The listener cname re-association calls eap_is_authenticated(), whose
declaration lives under HAVE_SRP_SUPPORT, so the build broke when SRP
support is disabled. Guard the call. Without SRP the re-association
refuses: the cname is not a per-peer secret, so a peer must not be
migrated to a new source tuple without an authenticated session.

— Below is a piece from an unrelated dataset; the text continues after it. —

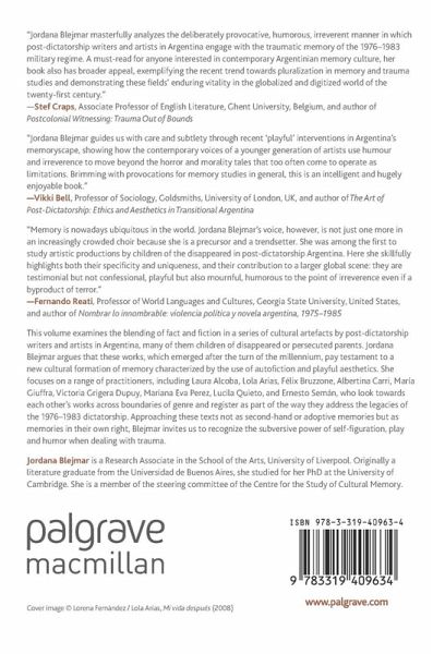 This volume examines the blending of fact and fiction in a series of cultural artefacts by post-dictatorship writers and artists in Argentina, many of them children of disappeared or persecuted parents. Jordana Blejmar argues that these works, which emerged after the turn of the millennium, pay testament to a new cultural formation of memory characterised by the use of autofiction and playful aesthetics. She focuses on a range of practitioners, including Laura Alcoba, Lola Arias, Félix Bruzzone, Albertina Carri, María Giuffra, Victoria Grigera Dupuy, Mariana Eva Perez, Lucila Quieto, and Ernesto Semán, who look towards each other's works across boundaries of genre and register as part of the way they address the legacies of the 1976-1983 dictatorship. Approaching these works not as second-hand or adoptive memories but as memories in their own right, Blejmar invites us to recognise the subversive power of self-figuration, play and humour when dealing with trauma.
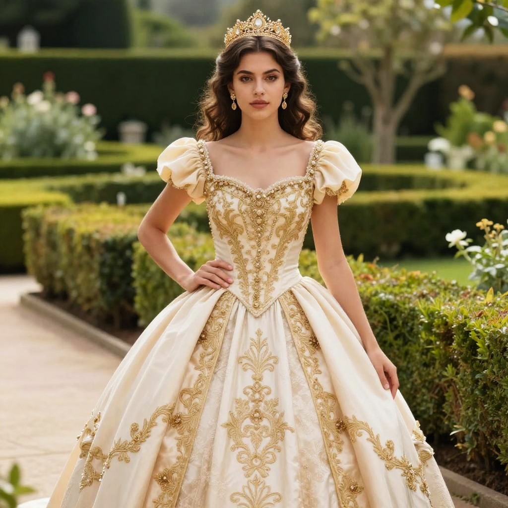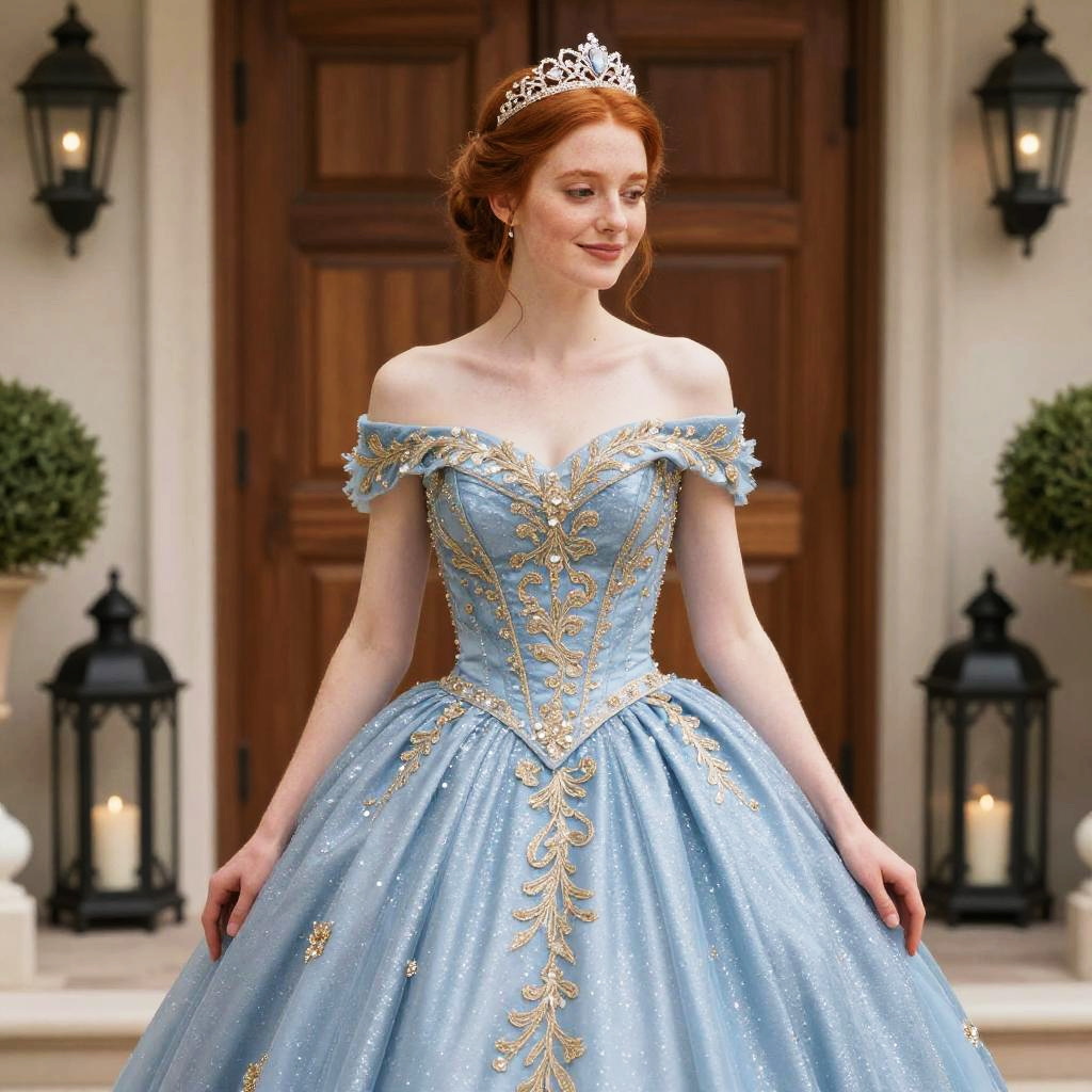 Fair-skinned red-haired woman wearing an off-the-shoulder, light blue glittery ball gown adorned with gold embroidery. She is styled with an elegant updo and a sparkling tiara, standing in front of a wooden door flanked by black lanterns and potted plants.

Thanks to Gyan Doshi for the report.
Adding --blind-send to the help text pushed the single usage string
literal past the 4095-character limit C99 requires a compiler to
support, so a -Wpedantic -std=c99 -Werror build failed with
-Woverlength-strings. Split the help text into two literals printed
back to back; the output is unchanged.
Thanks to Florian Ernst for the report.
When an Advanced flow upgrades from Main to Advanced wire framing
mid-stream, the two framings carry source_time in different timestamp
domains, so the switch resets the flow timing baseline. That reset
re-derived time_offset but left the clock-drift sample buffer full of
stale Main-domain samples. The next median recalculation then jumped
the offset by several seconds and released the whole receiver buffer at
once, overflowing the data-out fifo. Because test_send_receive treats
any ERROR-level log as fatal at 0% loss, the single "Rist data out fifo
queue overflow" line failed the advanced+unicast+client tests, most
reproducibly on slower build hosts.
Clear the drift samples on the baseline reset, matching the existing
clock-wrap reset path.
Thanks to Florian Ernst for the detailed report and build logs.

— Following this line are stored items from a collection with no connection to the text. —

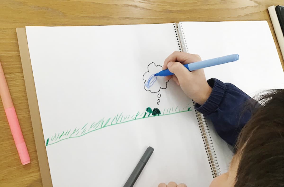 「どんぐり」は絵を描いて考える算数文章問題、「メディアリテラシー」は映像の撮影や編集。自分の頭で考える力を身につけます。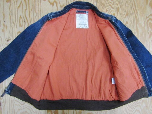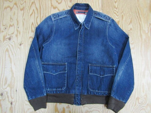 程よいウォッシュ加工のインディゴデニムのA-2ジャケット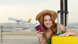 young woman tourist at airport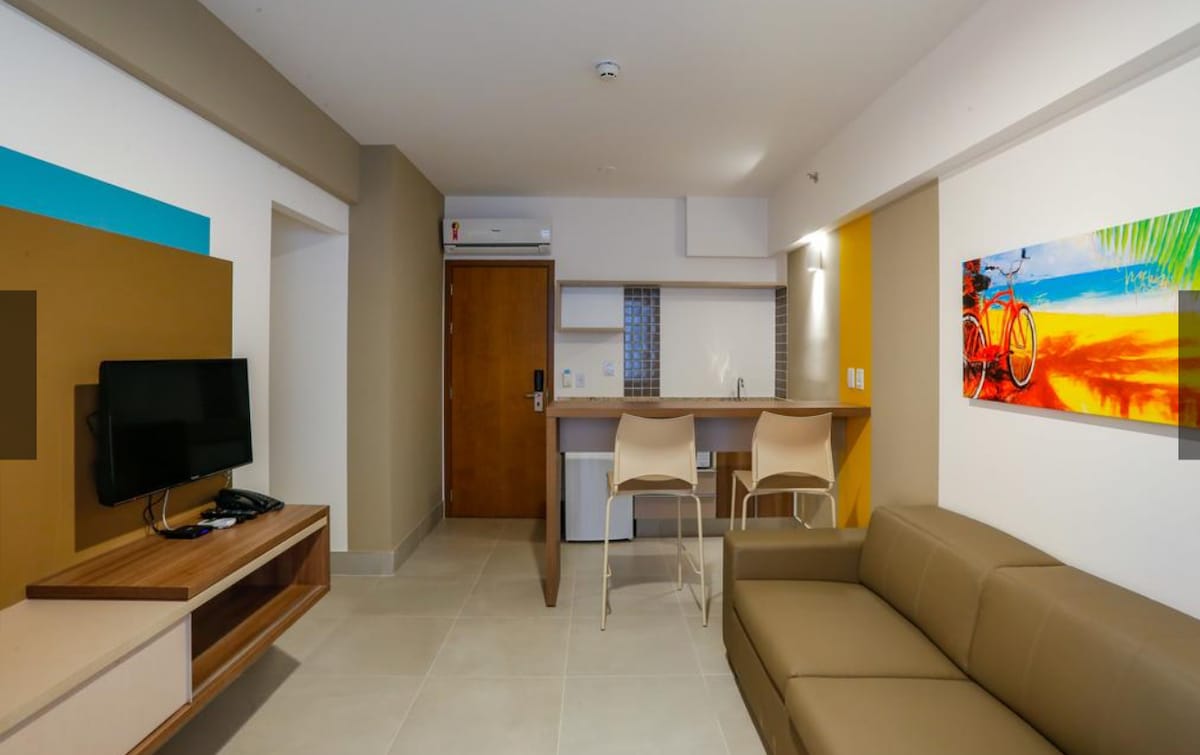 Byt nová strana parku Thermas dos Laranjais Olímpia - SP. Apartmán má velký obývací pokoj s rozkládací pohovkou, americkou kuchyň, koupelnu, ložnici s 1 samostatným lůžkem a pomocnou postelí, plus manželskou postel, koupelnu s plynovou sprchou, vysoušečem vlasů, ručníky, Wifi, klimatizací, krytým parkováním a snadným přístupem do parku. *Jakmile bude rezervace dokončena zde na platformě, budeš požádán/a o podrobnosti všech hostů, kteří musí být poskytnuty v co nejkratším čase.*

Three fixes had landed without a changelog entry: the risttunnel SRP
credential presentation on the sender/client legs, the rist_oob_dequeue
use-after-free guard, and the rist_receiver_data_block_free2() NULL
guard. Every commit since the 0.2.18 release is now covered.
An Advanced-profile sender indexes its retransmit buffer by the 32-bit
advanced sequence (seq_index, keyed by seq & (queue_max - 1)). Under
TR-06-3 an Advanced device starts every peer in Main and only frames
Advanced once that peer advertises I=1, so a peer that stays in Main
requests retransmits with a 16-bit RTP sequence and nack_seq_msb = 0.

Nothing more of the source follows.